* WORK TO BE COMPLETED
Every line from the one with "Розетка силовая встраиваемая" through the end of the material below, both ends included, should be transcribed exactly, without pictures.

* MATERIAL PROVIDED

##############################

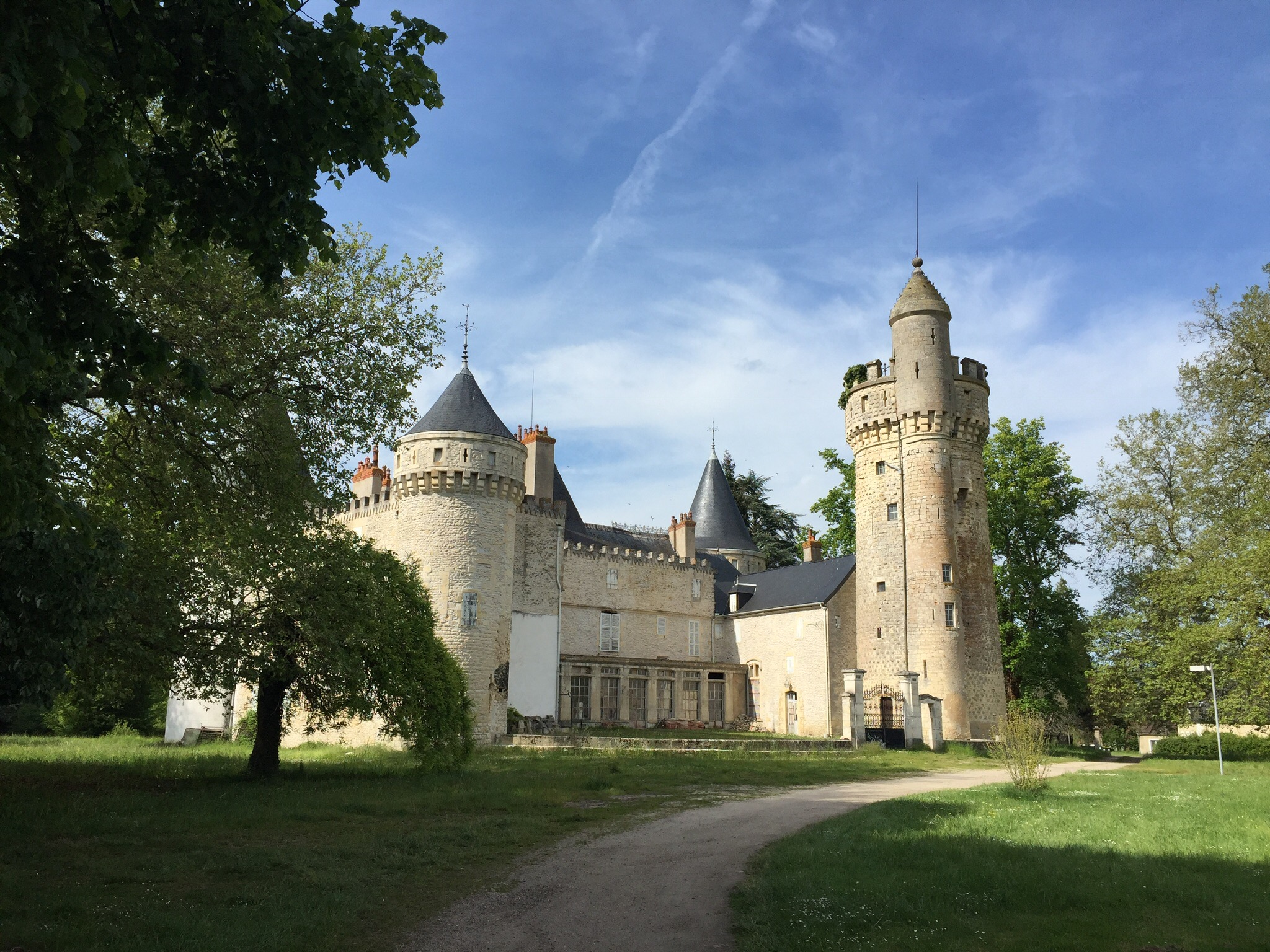 Het is een enorm gebouw waaraan van buiten en van binnen nog veel moet gebeuren. De eigenaars hebben het twintig jaar geleden gekocht met de bedoeling om in het kasteel een b&b te beginnnen. Het lijkt een molensteenproject te worden, waar je levenslang aan vast zit zonder eindsultaat. Op enige afstand staat een bijgebouwtje met drie slaapunits: een slaapkamertje, een douche/wc, een keukentje, tv, koelkast en wat eten met een klein flesje rode wijn. Er zou nog een stel komen, vertelde de kasteeldame.
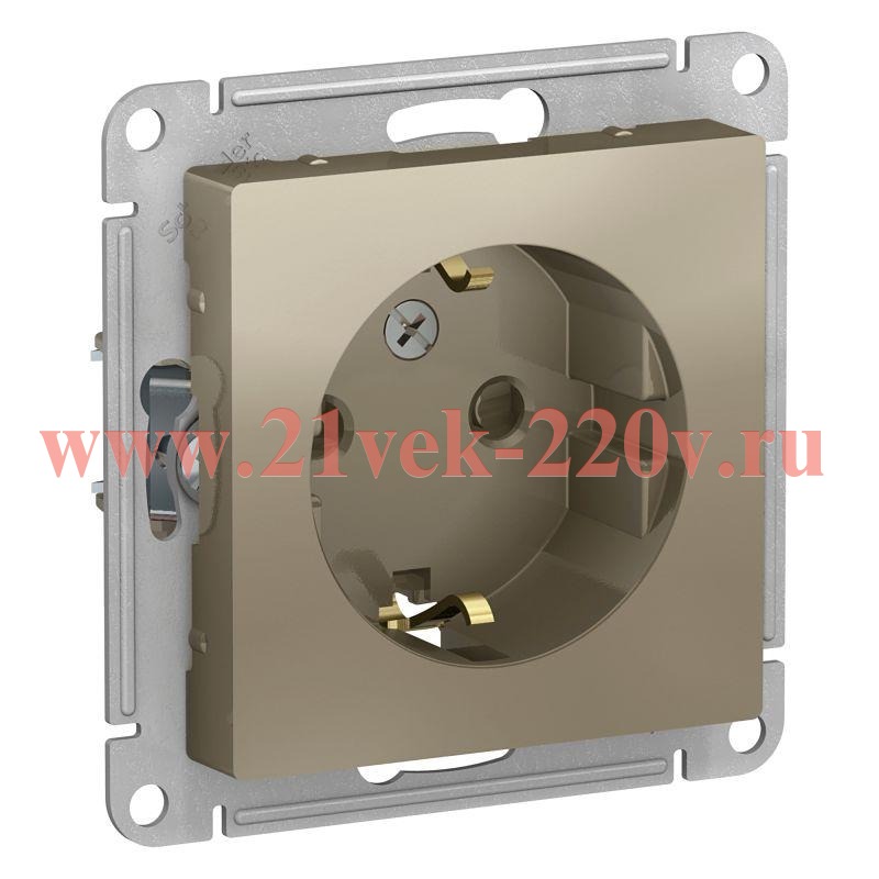 Розетка силовая встраиваемая с заземлением и шторками, Атлас Дизайн, цвет шампань ATN000545
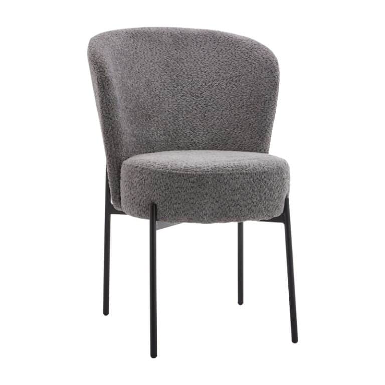 Karrige Gratify, stof teddy gri me këmbë metalike të zeza 43x56x83cm
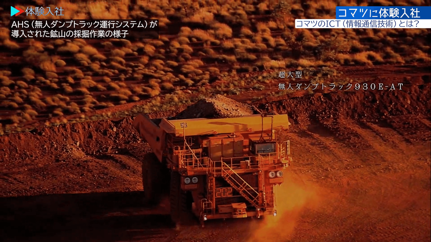 体験入社モデルの小野さんがまず驚いたのは、無人ダンプトラック運行システム(AHS)の圧倒的なスケール感でした。単に「無人で動く」という技術の紹介にとどまらず、それがなぜ必要なのか、過酷な現場でいかに安全性を守っているのかという背景までを、資料と実際の映像を交えて深く理解していくシーンでは、小野さんも「ICTでそこまで変わるんですね」と感嘆の声を漏らしていました。

##############################

* TASK RESPONSE
 Розетка силовая встраиваемая с заземлением и шторками, Атлас Дизайн, цвет шампань ATN000545
 Karrige Gratify, stof teddy gri me këmbë metalike të zeza 43x56x83cm
 体験入社モデルの小野さんがまず驚いたのは、無人ダンプトラック運行システム(AHS)の圧倒的なスケール感でした。単に「無人で動く」という技術の紹介にとどまらず、それがなぜ必要なのか、過酷な現場でいかに安全性を守っているのかという背景までを、資料と実際の映像を交えて深く理解していくシーンでは、小野さんも「ICTでそこまで変わるんですね」と感嘆の声を漏らしていました。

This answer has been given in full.